- Bitcoin ETFs recorded the highest inflows in nearly five months.
- ETFs could likely overtake Satoshi’s holdings by December.
Bitcoin [BTC] continued to exceed expectations with its staggering price rise and record-breaking exchange-traded fund (ETF) inflows.
On the 29th of October, BTC peaked at over $73,000. Simultaneously, spot BTC ETFs reported a net inflow of $870 million, according to data from SoSo Value.
This marked the highest single-day net inflow since early June.
It is worth noting that typically, such volumes spike during downturns are anticipated as investors “buy the dip.”
Ergo, the question: why are inflows surging alongside a rising BTC price?

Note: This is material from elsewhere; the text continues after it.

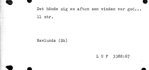 //// Det hände sig en afton sen vinden var god... //// 11 str. //// Ravlunda (Sk) //// L U F 3388:67 ////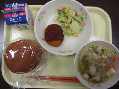 まるパンカット、はるさめとにくだんごのスープ、コロッケ、コールスローサラダ

Why are Bitcoin ETF inflows rising?
Interestingly, Eric Balchunas, senior ETF analyst at Bloomberg, also found this rise “a bit odd” in a recent post on X. However, he explained:
“Occasionally tho volume can spike if there a FOMO-ing frenzy.”
The analyst further remarked,
“Look for (more) big inflows this week.”
He added that iShares Bitcoin Trust ($IBIT) saw trading volumes soar to $3.3 billion, the largest figure in six months. Nonetheless, this product wasn’t the only one seeing elevated trading volumes.
Although it led by a significant margin, all major Bitcoin ETFs experienced increased activity, suggesting that FOMO was definitely at play.
ETFs closing in on Satoshi
Notably, inflows weren’t the only area where ETFs seemed to be thriving. In another post, Balchunas highlighted that a major milestone looms for Bitcoin ETFs as the total BTC held by U.S. spot ETFs is set to surpass 1 million BTC by next Wednesday.
Furthermore, it could exceed the holdings attributed to Bitcoin’s creator, Satoshi Nakamoto, by mid-December.
He noted that the ETFs have been acquiring approximately 17,000 BTC weekly, pushing them closer to holding more Bitcoin than the iconic Satoshi wallet—a historic achievement for this asset class.
Yet, Balchunas cautioned that this rapid accumulation isn’t without potential disruption, stating,
“Anything can happen, eg a violent selloff and all this is delayed albeit still inevitable.”
He added that, under certain conditions, including a price surge or Donald Trump taking the Oval Office, FOMO could accelerate the timeline even further.
Institutional demand continues to climb
Meanwhile, the acceptance of Bitcoin ETFs has expanded across every type of institutional investor. Balchunas noted that recently, Emory University became the first endowment fund to report a Bitcoin ETF position.
The university disclosed ownership of over $15 million worth of shares in the Grayscale Bitcoin Mini Trust in a filing with the U.S. Securities and Exchange Commission [SEC].
This development signaled that Bitcoin ETFs are now represented in a broad spectrum of institutional categories, including banks, hedge funds, insurance companies, advisors, pensions, venture capital, and family offices.
Read Bitcoin’s [BTC] Price Prediction 2024–2025
For an ETF market segment under a year old, this level of institutional adoption underscored Bitcoin’s maturing role in traditional finance and its appeal among professional investors.